Recent literature suggests that obese critically ill patients do not have worse outcomes than patients who are normal weight. However, outcomes in extreme obesity (BMI ≥ 40 kg/m2) are unclear. We sought to determine the association between extreme obesity and ICU outcomes.
We analyzed data from a multicenter international observational study of ICU nutrition practices that occurred in 355 ICUs in 33 countries from 2007 to 2009. Included patients were mechanically ventilated adults ≥ 18 years old who remained in the ICU for > 72 h. Using generalized estimating equations and Cox proportional hazard modeling with clustering by ICU and adjusting for potential confounders, we compared extremely obese to normal-weight patients in terms of duration of mechanical ventilation (DMV), ICU length of stay (LOS), hospital LOS, and 60-day mortality.

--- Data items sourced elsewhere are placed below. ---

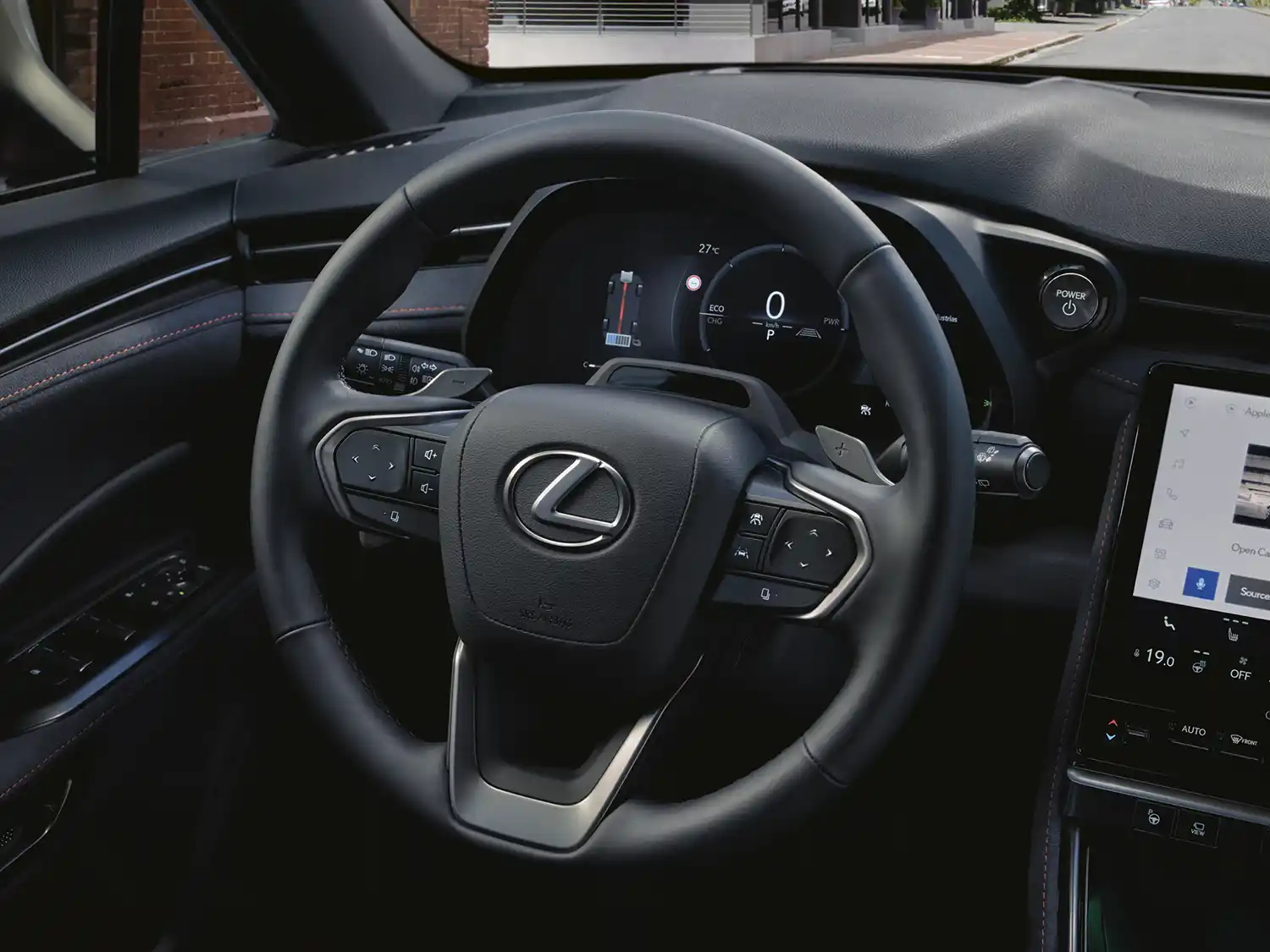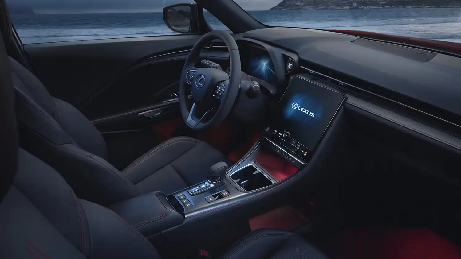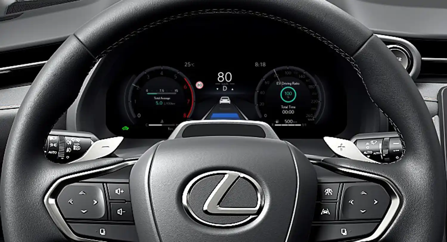 The driver’s cockpit is an interpretation of Lexus’ Tazuna concept, first introduced on the NX mid-size SUV. This positions principal controls and information sources immediately around the driver, so their operation only requires minimal movements of hand or eye. This helps keep the driver focused on the task of driving, with least distraction. The position and angle of the steering wheel were precisely calculated to give the driver a rewarding sense of control.
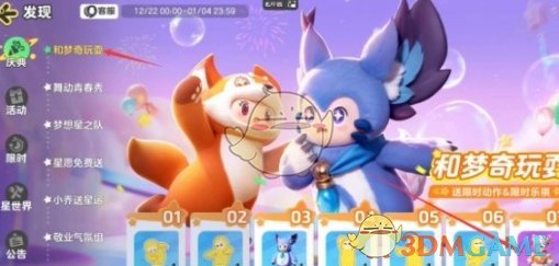 3、入口:主界面右上角发现-庆典-和梦奇玩耍。
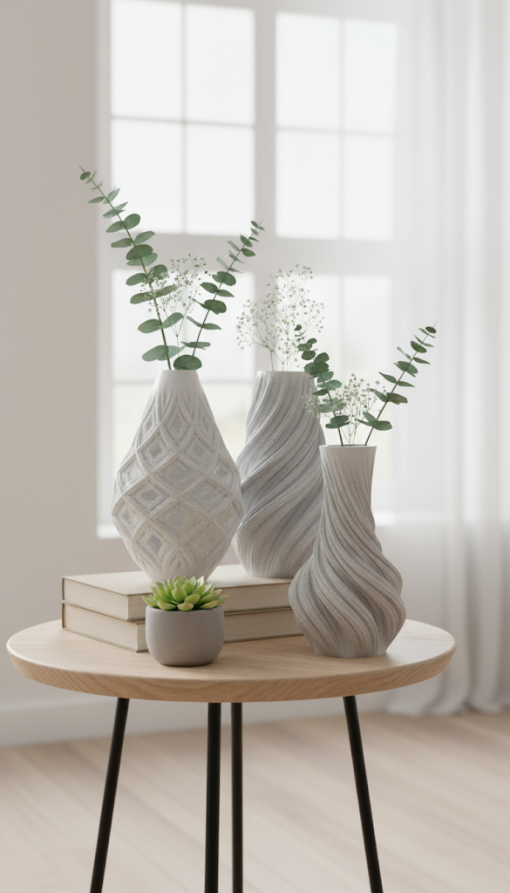 Cada florero tiene una textura única que juega con las sombras y formas, logrando un efecto moderno y elegante:

Of the 8,813 patients included in this analysis, 3,490 were normal weight (BMI 18.5-24.9 kg/m2), 348 had BMI 40 to 49.9 kg/m2, 118 had BMI 50 to 59.9 kg/m2, and 58 had BMI ≥ 60 kg/m2. Unadjusted analyses suggested that extremely obese critically ill patients have improved mortality (OR for death, 0.77; 95% CI, 0.62-0.94), but this association was not significant after adjustment for confounders. However, an adjusted analysis of survivors found that extremely obese patients have a longer DMV and ICU LOS, with the most obese patients (BMI ≥ 60 kg/m2) also having longer hospital LOS.
During critical illness, extreme obesity is not associated with a worse survival advantage compared with normal weight. However, among survivors, BMI ≥ 40 kg/m2 is associated with longer time on mechanical ventilation and in the ICU. These results may have prognostic implications for extremely obese critically ill patients.